▶ [Information given]
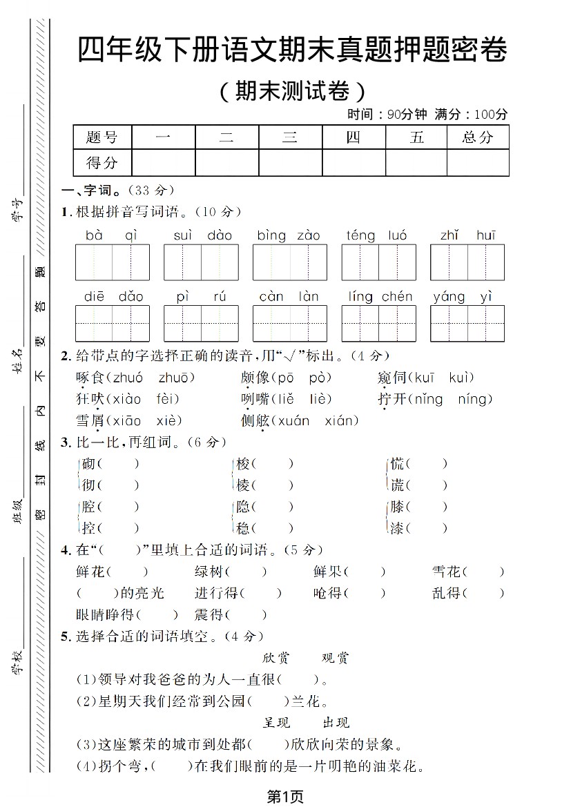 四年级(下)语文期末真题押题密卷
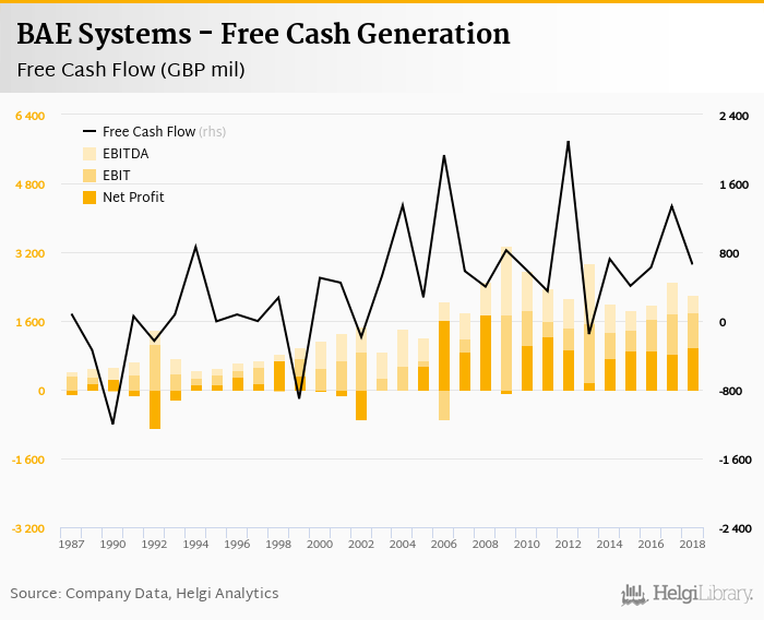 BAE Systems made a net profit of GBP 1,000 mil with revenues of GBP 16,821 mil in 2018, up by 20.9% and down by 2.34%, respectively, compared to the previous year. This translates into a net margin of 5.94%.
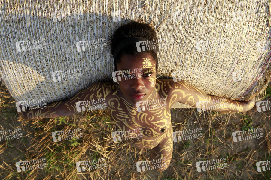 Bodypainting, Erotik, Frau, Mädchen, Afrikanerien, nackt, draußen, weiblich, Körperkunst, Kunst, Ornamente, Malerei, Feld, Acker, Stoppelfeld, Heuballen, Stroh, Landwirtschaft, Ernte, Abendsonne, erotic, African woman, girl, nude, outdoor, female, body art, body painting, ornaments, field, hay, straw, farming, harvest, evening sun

==

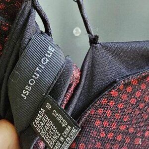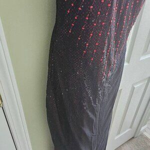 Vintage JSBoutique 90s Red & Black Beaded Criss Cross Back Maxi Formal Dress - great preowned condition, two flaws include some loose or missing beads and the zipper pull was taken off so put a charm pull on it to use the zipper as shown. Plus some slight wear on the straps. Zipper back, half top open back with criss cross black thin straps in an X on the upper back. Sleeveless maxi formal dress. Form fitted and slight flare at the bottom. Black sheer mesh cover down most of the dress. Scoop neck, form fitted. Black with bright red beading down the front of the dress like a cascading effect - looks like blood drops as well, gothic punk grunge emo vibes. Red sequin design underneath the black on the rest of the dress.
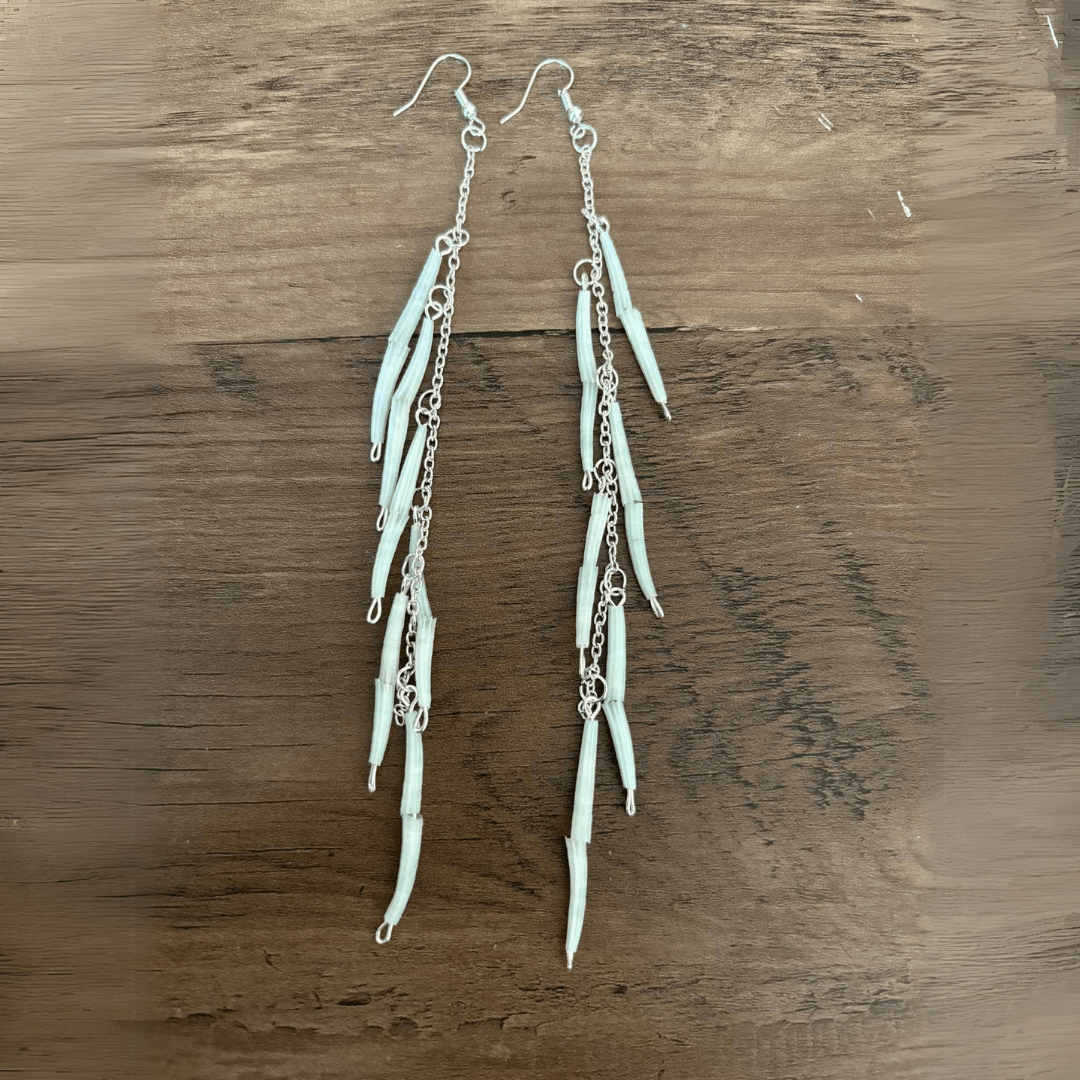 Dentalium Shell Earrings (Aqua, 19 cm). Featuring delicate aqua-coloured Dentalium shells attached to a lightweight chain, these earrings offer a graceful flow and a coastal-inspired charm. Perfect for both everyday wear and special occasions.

▶ [Exercise aim] Above are the records. Copy only the lines from the one with "四年级(下)语文期末真题押题密卷" through the one with "harvest, evening sun", exactly, with no pictures.

▶ [Solved problem]
 四年级(下)语文期末真题押题密卷
 BAE Systems made a net profit of GBP 1,000 mil with revenues of GBP 16,821 mil in 2018, up by 20.9% and down by 2.34%, respectively, compared to the previous year. This translates into a net margin of 5.94%.
 Bodypainting, Erotik, Frau, Mädchen, Afrikanerien, nackt, draußen, weiblich, Körperkunst, Kunst, Ornamente, Malerei, Feld, Acker, Stoppelfeld, Heuballen, Stroh, Landwirtschaft, Ernte, Abendsonne, erotic, African woman, girl, nude, outdoor, female, body art, body painting, ornaments, field, hay, straw, farming, harvest, evening sun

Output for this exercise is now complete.